Hi,
I am working with some plant RNAseq data and trying to find the most abundant rRNA contaminant sequences.
I previously mapped my data to the ncRNA fasta (from ensembl) and got plenty of reads mapping to chloroplast (Pt) rRNA.
However, I am trying to separately map the data to chromosomal, Pt, and mitochondrial (Mt) rRNA to avoid losing reads to multimapping. To do this I took only the Pt rRNA sequences from the ncRNA fasta that I successfully used for mapping before, and put them into a Pt_rRNA.fa. I then tried mapping the data to this fasta, and got 0 reads mapped.
Any ideas why this is happening? I've double checked the fasta format and it really seems correct. I'm using STAR for the alignment and adjusted --genomeSAindexNbases accordingly for the small fasta index generation.
I also did this for the Mt rRNA and it seems to have worked (as in some reads mapped), so I'm really scratching my head over this.
Any help or suggestions would be greatly appreciated.
What is the length of fasta reference sequences?

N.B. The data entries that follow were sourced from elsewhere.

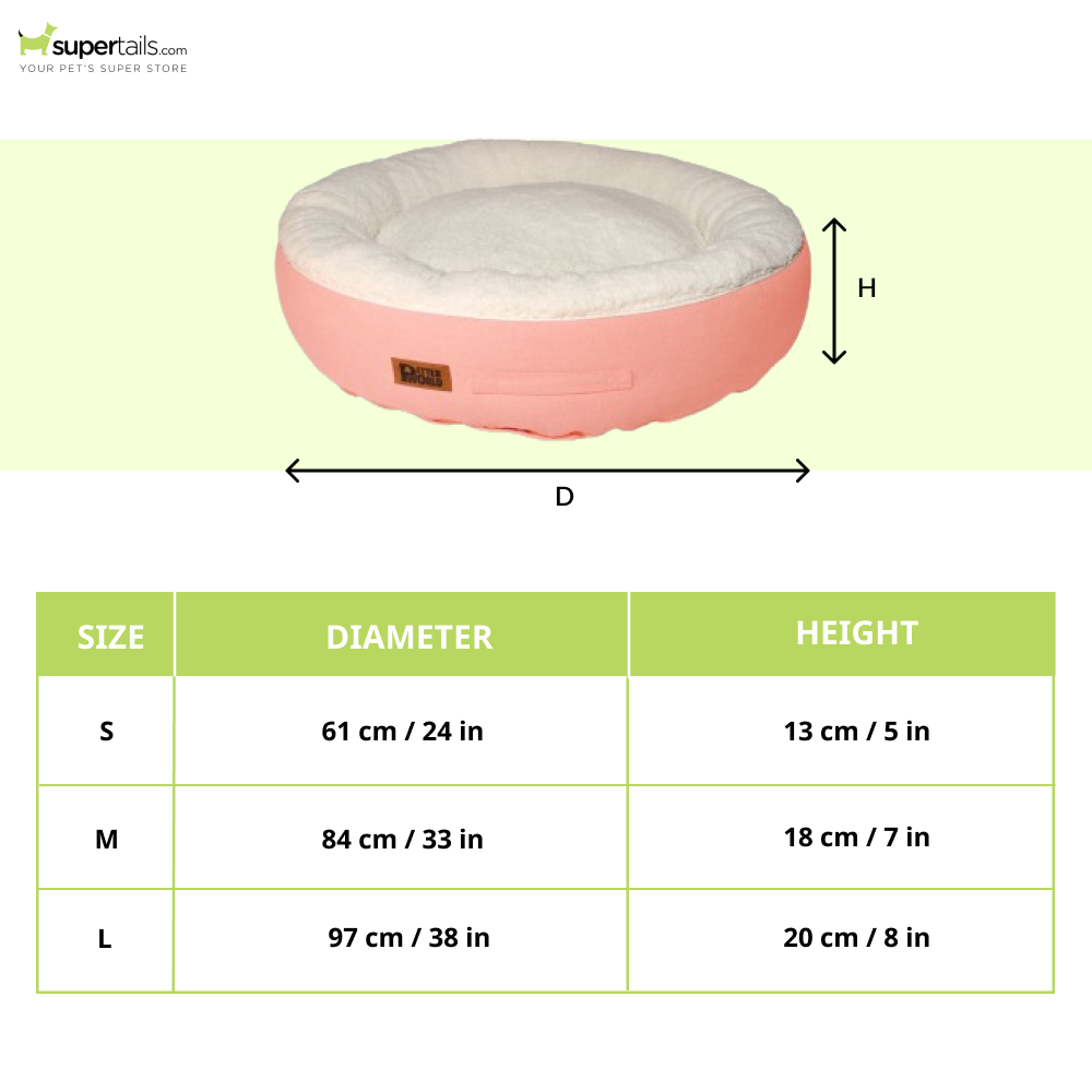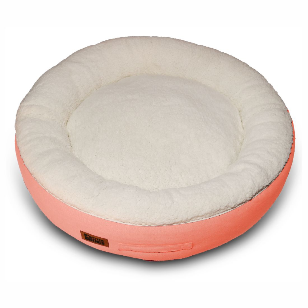 Petter World Ultra Luxury Cotton Canvas Donut Bed With Removable Sherpa Fur Cushion for Dogs (Peach Pearl)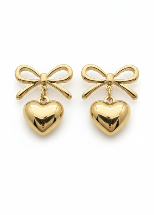 Stainless Steel Bow & Puffy Heart Drop Earrings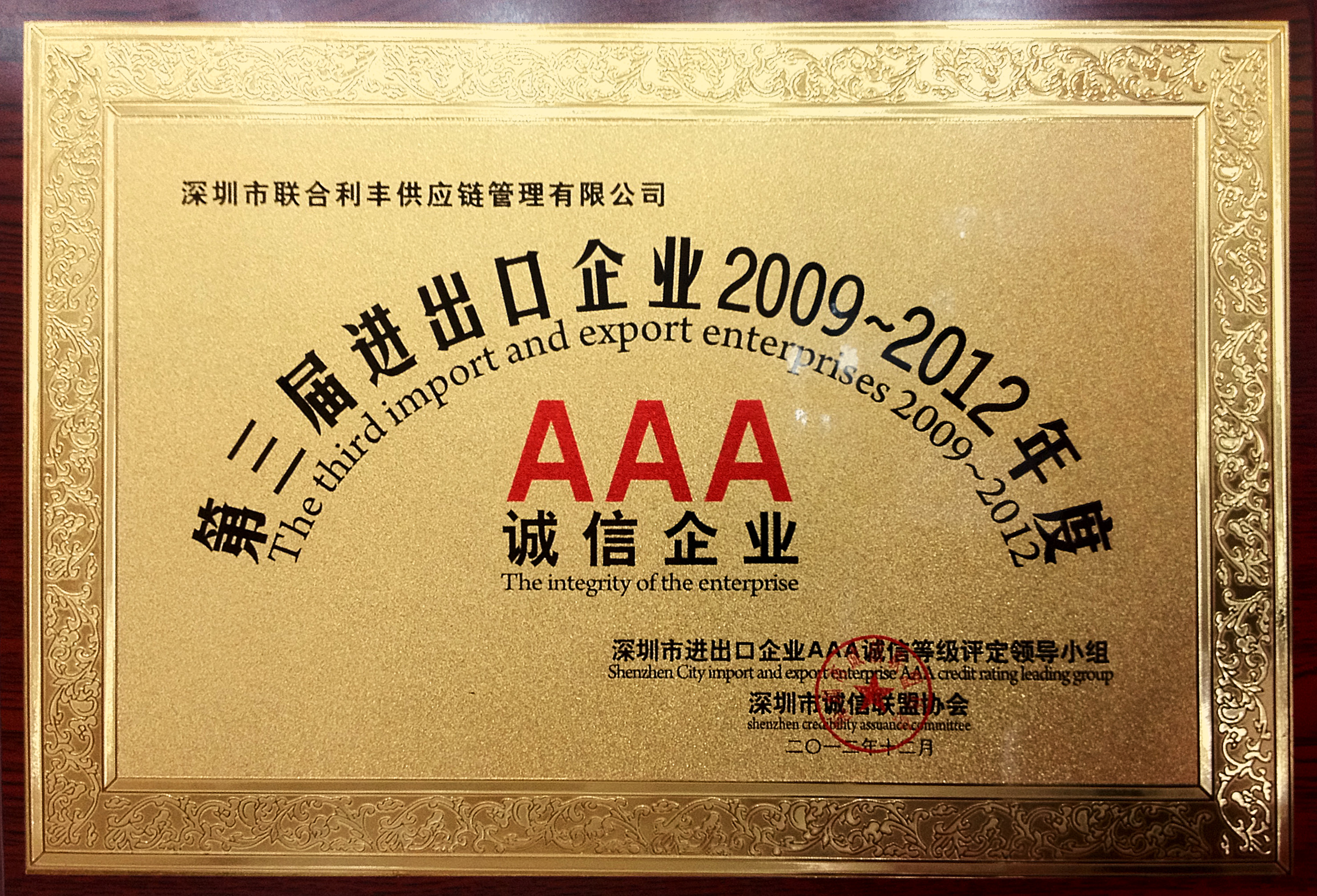 ● AA-level credit management enterprise by the General Administration of Quality Supervision, Inspection and Quarantine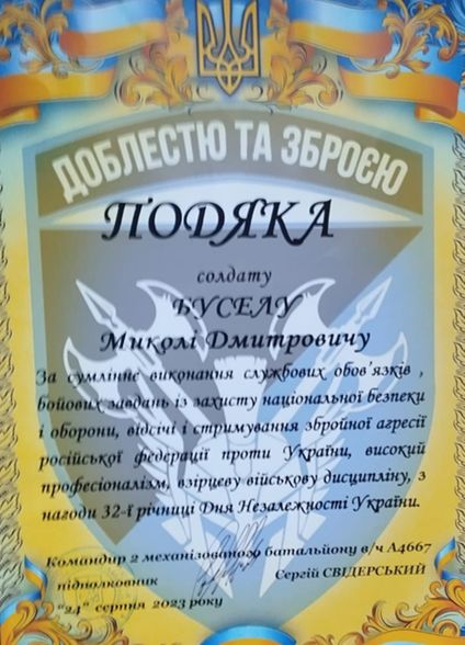21.11.2025 в селі Зарожне Чугуївської міської громади віддали шану та провели в останню путь полеглого воїна. Поховали Миколу Бусел на кладовищі села Зарожне, на малій батьківщині його дружини, поруч із тещою.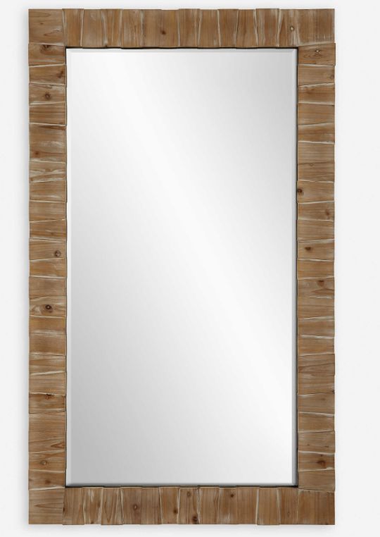 Perfect addition to any coastal cottage, this oversized mirror features overlapped slabs of solid fir wood creating an alternating pattern, accented with a subtle light gray wash. Mirror has a generous 1 1/4" bevel. May be hung horizontal or vertical.Read More
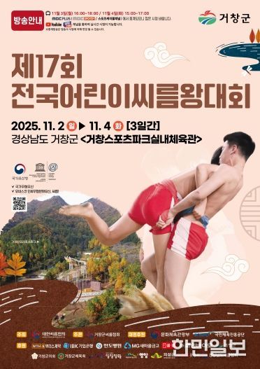 거창군은 대한씨름협회(회장 이준희)가 주최하고 거창군씨름협회(회장 박진영)가 주관하는 ‘대통령배 2025 전국씨름왕선발대회’와 ‘제17회 전국어린이씨름왕대회’를 오는 29일부터 11월 4일까지 7일간 거창스포츠파크 실내체육관에서 개최한다고 밝혔다.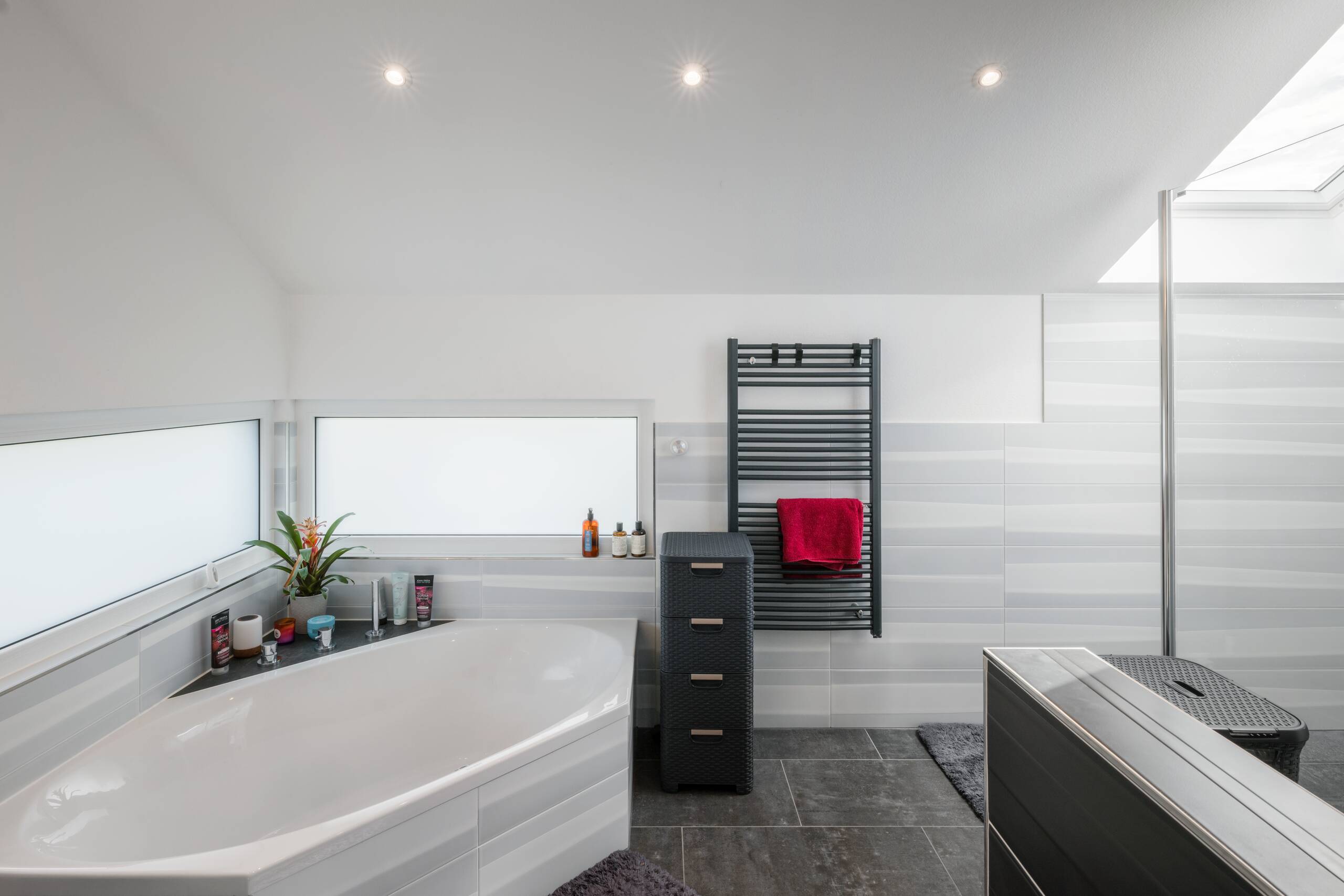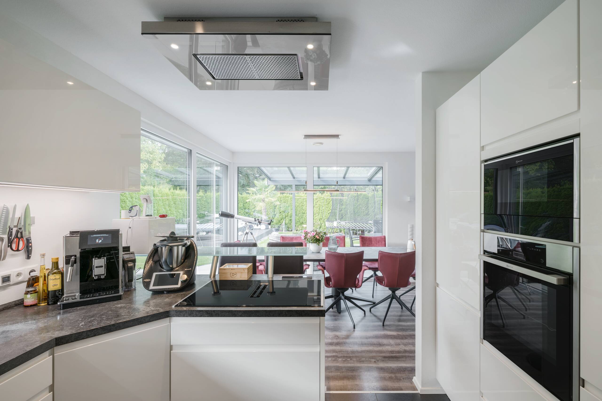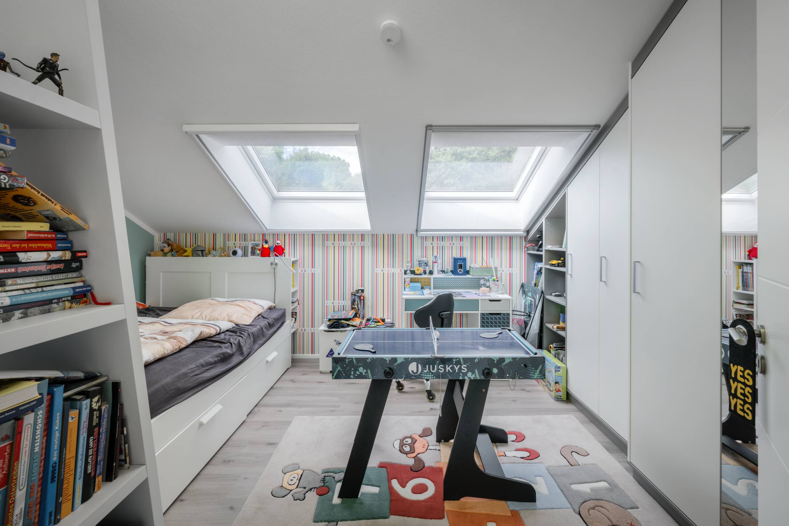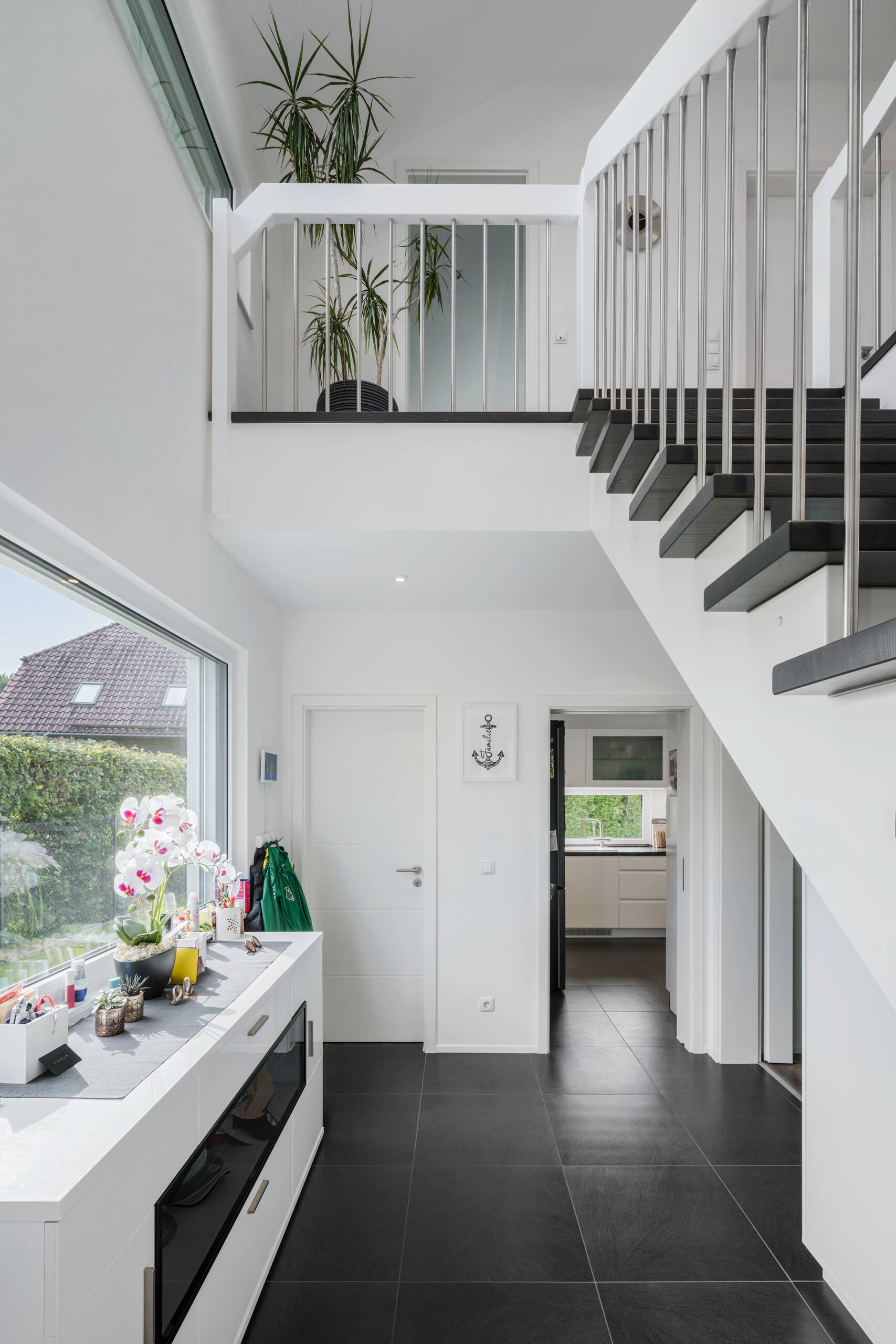 Dieses moderne Familienhaus zieht mit seiner ungewöhnlichen Dachform alle Blicke auf sich. Das versetzte Pultdach verleiht dem Gebäude nicht nur eine dynamische Silhouette, sondern bietet auch optimale Voraussetzungen für die Installation einer leistungsstarken Photovoltaikanlage. Der schlichte, weiß verputzte Baukörper wird erweitert von einer eingeschossigen Auslucht, die Platzgewinne im Innern schafft. Trotz seiner grosszügigen Abmessungen von 13,66 x 8,10 m wirkt er leicht und offen. Das ist vor allem den Fenstern und Verglasungen in unterschiedlichsten Formaten zu verdanken.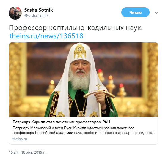 В сети бурно обсуждают присвоение главе Русской православной церкви Кириллу почетного звания профессора Российской академии наук.
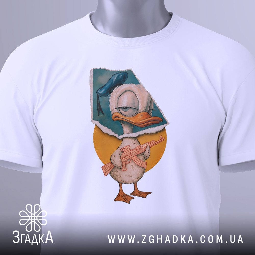 На принті зображений величний качур, який символізує силу та рішучість. Цей стильний дизайн викликає позитивні емоції та надихає на перемоги. Обирайте цю футболку, щоб підкреслити свій характер!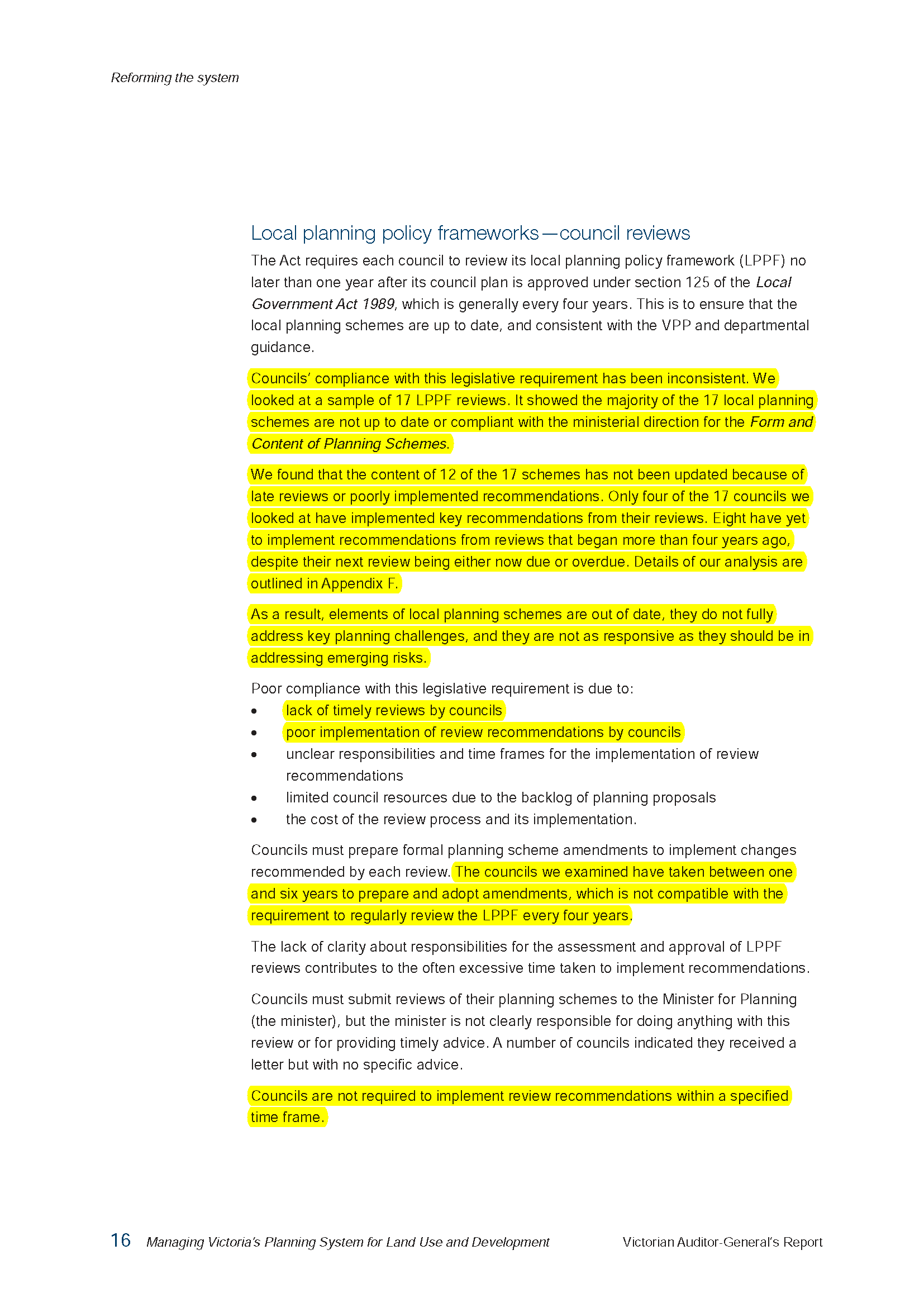Some councils are also slow to review and revise local planning schemes, and there is no requirement for DELWP to regularly review and revise the content of the VPP.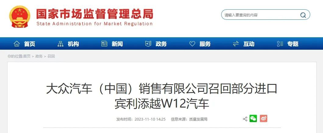 日前,大众汽车(中国)销售有限公司根据《缺陷汽车产品召回管理条例》和《缺陷汽车产品召回管理条例实施办法》的要求,向国家市场监督管理总局备案了召回计划,决定自2023年12月25日起,召回2016年1月30日至2018年11月19日期间生产的部分进口添越W12系列汽车,共计1177辆。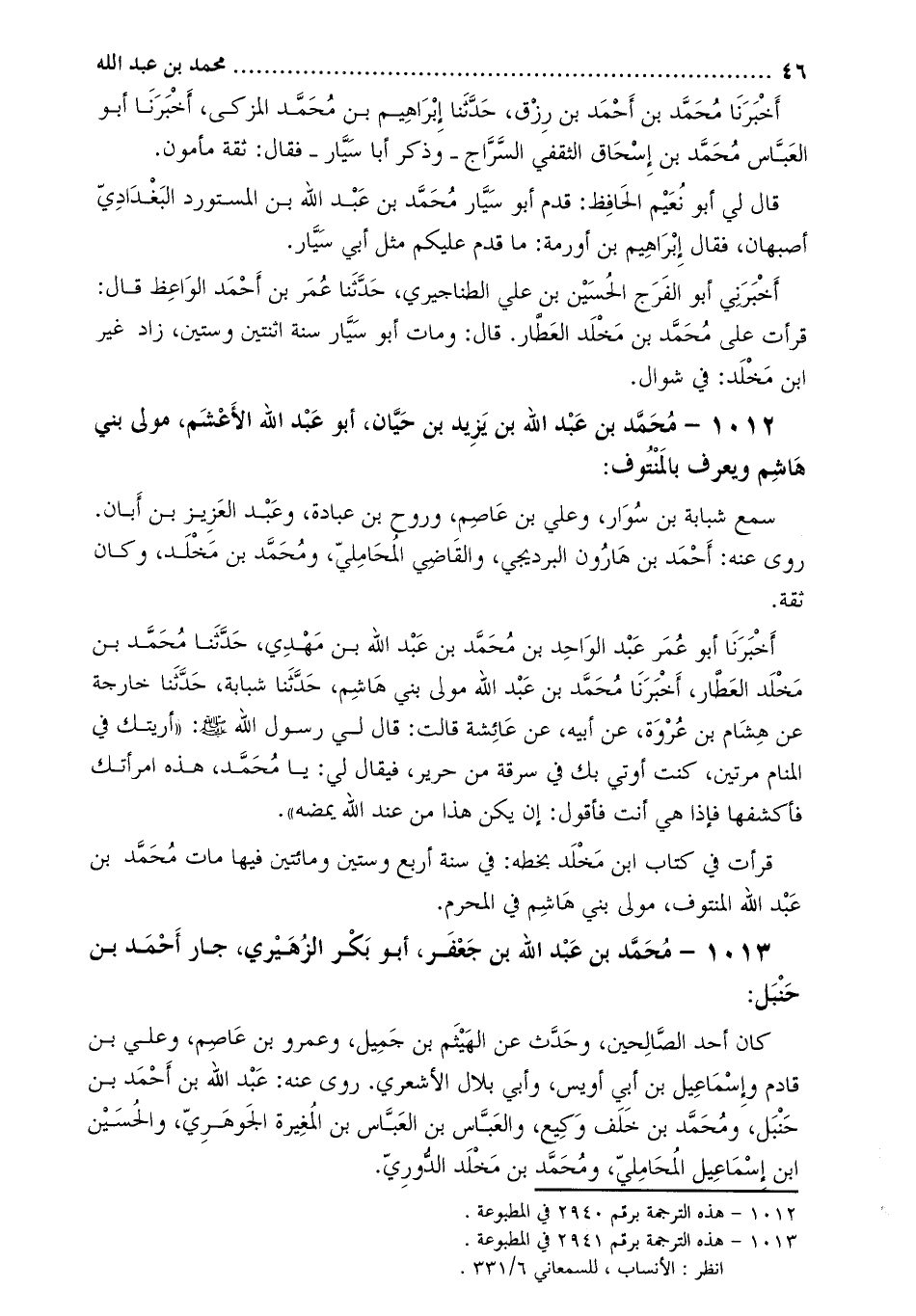 1012- محمد بن عبد الله بن يزيد بن حيان، أبو عبد الله الأعشم، مولى بني هاشم ويعرف بالمنتوف [1] :

There are 8 reference sequences in the fasta, total about 9,000 bases. I'm using STAR because it's what I've been using for these data and it's been working fine thus far. Would using something like bowtie be better for a small fasta? I don't believe splicing should be an issue with the Pt rRNAs so it should work.
I suggest that you give another (bbmap, bwa-mem2, bowtie etc) NGS aligner a try. STAR is splice-aware and likely has default options that look for splicing, which may be leading to the reads not mapping at all.
I tried to mess with the STAR arguments to ignore splicing, but nothing seemed to work. Bowtie seems to have worked well though, thanks!